* Exercise requirements *
The whole listing, please: repeat it exactly, with the pictures left out.

* Data below *
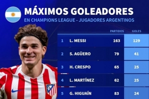 體育資訊11月28日訊 德國轉(zhuǎn)會市場統(tǒng)計了阿根廷球員在歐冠比賽中的進球數(shù)量,并列出榜單,梅西129球居首,阿圭羅次席,阿爾瓦雷斯18球第9。
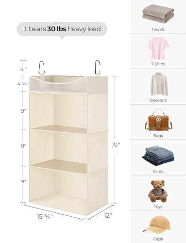 StorageWorks Hanging Closet Organizer, 3-Shelf Hanging Closet Shelves with Top Shelf, 15 ¾”W x 12″ D x 31″ H, Extra-Large Space, Ivory White
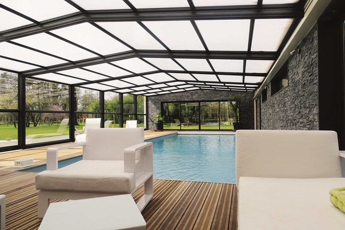 En fonction de la hauteur de la structure et des équipements présents, l’abri adossé constitue une pièce à part entière. Il permet d’envisager une utilisation de la piscine quasiment toute l’année. Aux beaux jours, le dégagement des modules d’un côté ou de l’autre et l’ouverture des parois place le bassin au grand air. Lorsque les températures baissent, la piscine se mue en centre de bien-être voire de remise en forme, l’abri faisant office de jardin d’hiver.
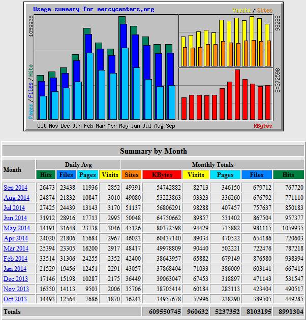 9/29/14 stats for website, MercyCenters.org - see Latest stats,

* Task result *
 體育資訊11月28日訊 德國轉(zhuǎn)會市場統(tǒng)計了阿根廷球員在歐冠比賽中的進球數(shù)量,并列出榜單,梅西129球居首,阿圭羅次席,阿爾瓦雷斯18球第9。
 StorageWorks Hanging Closet Organizer, 3-Shelf Hanging Closet Shelves with Top Shelf, 15 ¾”W x 12″ D x 31″ H, Extra-Large Space, Ivory White
 En fonction de la hauteur de la structure et des équipements présents, l’abri adossé constitue une pièce à part entière. Il permet d’envisager une utilisation de la piscine quasiment toute l’année. Aux beaux jours, le dégagement des modules d’un côté ou de l’autre et l’ouverture des parois place le bassin au grand air. Lorsque les températures baissent, la piscine se mue en centre de bien-être voire de remise en forme, l’abri faisant office de jardin d’hiver.
 9/29/14 stats for website, MercyCenters.org - see Latest stats,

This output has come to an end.